In the embodiment shown in Fig. 1, transverse partitions of the "disk-ring" type are provided. The first transverse partition from the top (14A) has the shape of a ring with the above-mentioned characteristics, the second transverse partition from the top (14B) has the shape of a disk. The diameter of the disks is selected so that all the tube bundles (9) are placed in them. In addition, the sizes of the rings and disks for the partitions can be determined based on obtaining the same flow rate of the coolant in three sections: inside the ring, between the ring and the disk during transverse washing of the tubes, and in the annular gap between the inner wall of the outlet (6) of the reaction products and the disk.

Fig. 1 shows five transverse partitions, which are installed with a partition pitch of h _per . The first from the top, the third from the top and the fifth from the top transverse partitions are made in the same way in the form of a ring, the second from the top and the fourth from the top partitions are made in the same way in the form of a disk. In this configuration, the coolant flow circulates in the intertube space from the bottom up and along the surface of the partitions with washing of the pipes (9) in the transverse direction. In other embodiments of the reactor, other types of transverse partitions can be used: segmental, with a sector cutout, etc., made with the possibility of directing the movement of the coolant flow in the intertube space across the pipes.

The mentioned at least two injection devices (15) are intended for injecting an additional flow of refrigerant into the general flow of refrigerant circulating in the intertube space. They can be made in the form of tubes, brought out in the upper part of the intertube space directly into the area between the upper tube sheet (12) and the first from the top transverse partition (14A), to which the circuit for supplying an additional flow of refrigerant is connected by means of a flange connection or any other method. The outlet (6) of the reaction products can be provided, for example, with two injection devices (15), three injection devices (15) or six injection devices (15). A nozzle or a nozzle (not shown in Fig. 1) can be installed at the end of the tube, which breaks up the additional flow of refrigerant into smaller flows or drops in accordance with the specified characteristics. Breaking up the additional flow of refrigerant leads to an increase in the efficiency of the heat exchange process.

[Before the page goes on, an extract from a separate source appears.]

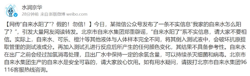 實際上,自來水、可樂、橙汁等其他液體與人體樣本完全不同,將其倒入測試液中,會破壞抗原提取管里的測試液成分。再加入測試孔進行反應(yīng)后所產(chǎn)生的任何顏色變化,其結(jié)果不具備參考性。自來水在出廠之前會經(jīng)過加氯消毒處理,且出廠水中保持一定的余氯含量,可以持續(xù)殺滅細菌和病毒。北京市自來水集團生產(chǎn)的自來水是安全可靠的,請大家放心飲用。如有用水疑問,請撥打北京市自來水集團96116客服熱線咨詢。

The catalyst (5) may contain at least one platinum group metal (platinum, palladium, iridium, osmium and rhodium). The use of platinum is preferred. The catalyst (5) may be in the form of at least one catalyst gauze. The catalyst gauze may be located at a distance of 100-1000 mm from the upper tube sheet (12), preferably at a distance of 200-700 mm from the upper tube sheet (12), more preferably at a distance of 300-400 mm from the upper tube sheet (12). The catalyst (5) may be located on a support surface (not shown in Fig. 1), which may be made of metal or of a ceramic material and may comprise several layers. In addition, a layer of ceramic material (not shown in Fig. 1) may be located on the catalyst, which may be one or more ceramic fabrics or ceramic foam.

In embodiments, at least one mixing element (not shown in Fig. 1) may be provided between the gas supply region (4) and the catalyst (5), which serves to mix the supplied source gases. In addition, a gas-permeable intermediate layer (not shown in Fig. 1) may be provided behind the mixing element, which is designed to provide protection against flame backfire, filter the source gases, and also ensure uniform inrush of the source gases onto the catalyst (5).

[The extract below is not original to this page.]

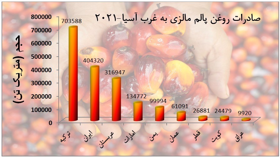 در گزارش اخیر شورای روغن پالم مالزی (MPOC) نیز اشاره شده است که منطقه خاورمیانه با جمعیت بیش از 330 میلیون نفری و مصرف 2.34 میلیون تن در سال گذشته، همچنان یک مقصد مهم صادراتی برای مالزی خواهد بود. به گفته مدیرعامل این شورا؛ طی سالهای اخیر شاهد رشد مداوم مصرف چربیهای خوراکی بویژه روغن پالم در این منطقه هستیم. سال گذشته صادرات روغن پالم مالزی به خاورمیانه 8.2 درصد افزایش یافت و بیشترین واردات از این منطقه متعلق به ترکیه با حجم 703588 تن و پس از آن ایران با 404319 تن بوده است. این دو بازار به ترتیب 19 و 25 درصد افزایش داشته اند. در نگاه مالزیاییها، ترکیه علاوه بر رشد بازار مصرف داخلی به میزان 50 درصد در یک دهه اخیر، همچنین دارای موقعیت استراتژیک در خصوص فرصت صادرات مجدد به منطقه بالکان و آسیای مرکزی و قفقاز میباشد.

Fig. 2 shows a variant of the embodiment of the circuit (19) for feeding the coolant flow into the intertube space of the outlet (6) of the reaction products and the circuit (20) for feeding an additional coolant flow into the injection devices (15). In the case shown in Fig. 2, water is used as the coolant, and the circuit (19) for feeding the coolant into the intertube space can be equipped with a steam collector (21), which serves to collect the steam-water mixture coming from the upper part of the intertube space and to separate the steam from moisture. From the steam collector (21), water comes into the lower part of the intertube space. The water flow between the steam collector (21) and the intertube space occurs due to free convection.

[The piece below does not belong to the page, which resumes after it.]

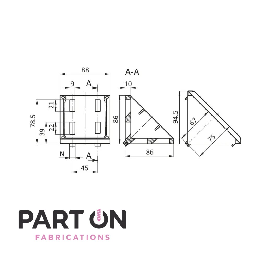 | Description | Part-on Range 90 x 90mm Standard Bracket, 10mm Slot Bosch Rexroth Compatible |

Before the hydrogen cyanide synthesis reaction is started, the water in circuits (19) and (20) is at a temperature of 85-95°C (near the boiling point). Before the synthesis reaction is started, the water in these circuits is motionless, i.e. the internal space of the apparatuses is filled (the intertube space, the steam collector and the pipelines). After the hydrogen cyanide synthesis reaction is started, the temperature in circuit (19) smoothly rises to a temperature of 160-180°C due to heat exchange with the reaction products passing through the pipes, while the temperature of the reaction products decreases from ~1100°C to no more than 220°C. Due to steam formation and steam removal, natural circulation of the steam-water mixture occurs along circuit (19) (the flow rate of natural circulation can be about 450 ^m3 /hour, the pressure in circuit (19) in the steady state can be from 0.6 to 0.7 MPa). The resulting two-phase steam-water mixture, consisting of 10-15% steam and 90-85% water, enters the steam collector (21). After the start of steam removal, the liquid level in the steam collector (21) begins to decrease. To maintain the liquid level in the steam collector (21), make-up water with a temperature of 85-95°C is supplied along the circuit (20) to the injection devices (15). The pressure in the steam collector (21) is regulated by a pressure sensor and multi-range control valves. The filling level of the steam collector (21) is controlled by a filling level regulator and a control valve.

Fig. 3A shows a fragment of a sectional image of the upper tube sheet (12) with sections of tubes (9) embedded therein. The tube sheet (12) and tubes (9) can be protected from thermal effects by ceramic elements made in the form of an insert sleeve (22) (see also Fig. 1), by a refractory material in the form of mats (23) (see also Fig. 1) and by refractory paper (24). The refractory material in the form of mats can be a ceramic or aluminosilicate material. The refractory paper can be a ceramic or aluminosilicate refractory paper. In this case, any material that can withstand temperatures above 1200°C and does not emit harmful substances when heated can be used. For example, materials of the Nefallit® trademark can be used.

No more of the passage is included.